Read The Talent Diary Page 3


  Chapter 3: The Diary Story

  Samantha hung up the phone and tried to forget everything her grandfather had told her. When they first returned to the house both of Samantha’s parents were in the kitchen and she had to fight hard to control her initial instinct, which had been to tell them everything. Her grandfather started talking before she could, however, telling her parents he had gone for a walk and Samantha was kind enough to go with him.

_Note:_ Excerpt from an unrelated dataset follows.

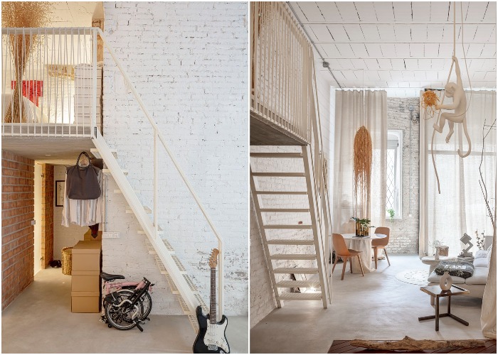 Авторы Novate.ru, рекомендуют обратить внимание на то, как мастерски дизайнерам студии удалось увеличить площадь квартиры. Для расширения пространства и организации открытой планировки основных функциональных зон, они сделали второй уровень, куда была вынесена спальня, тем самым значительно увеличили возможности этого помещения. Такому внедрению поспособствовали высокие потолки и наличие масштабного остекления, которое сделало пространство более воздушным и объемным.

  So she had waited in her room, trying to ignore everything that had happened. At the same time she wanted to try to do other things with her talent. After an hour of sitting on the edge of her bed, fidgeting, she got up and called Becky and Marissa. To her relief both of them were home and said they would be over as soon as they could. Samantha asked them to meet her in the clubhouse.

  After a quick breakfast Samantha walked into the backyard, across the porch, and under her mother’s hammock. She followed the main path towards the eucalyptus grove when her mother called to her from the house.

  “Hey Samantha. We’re all going to the mall. Do you need anything?”

  “No.”

  “Are Becky and Marissa coming over?”

  “Yeah. They’ll be here in a few minutes.”

  Samantha retreated into the grove until she was almost to the end of the trail. She looked around, listening, and assumed she was alone. Samantha picked out a tree branch and closed her eyes.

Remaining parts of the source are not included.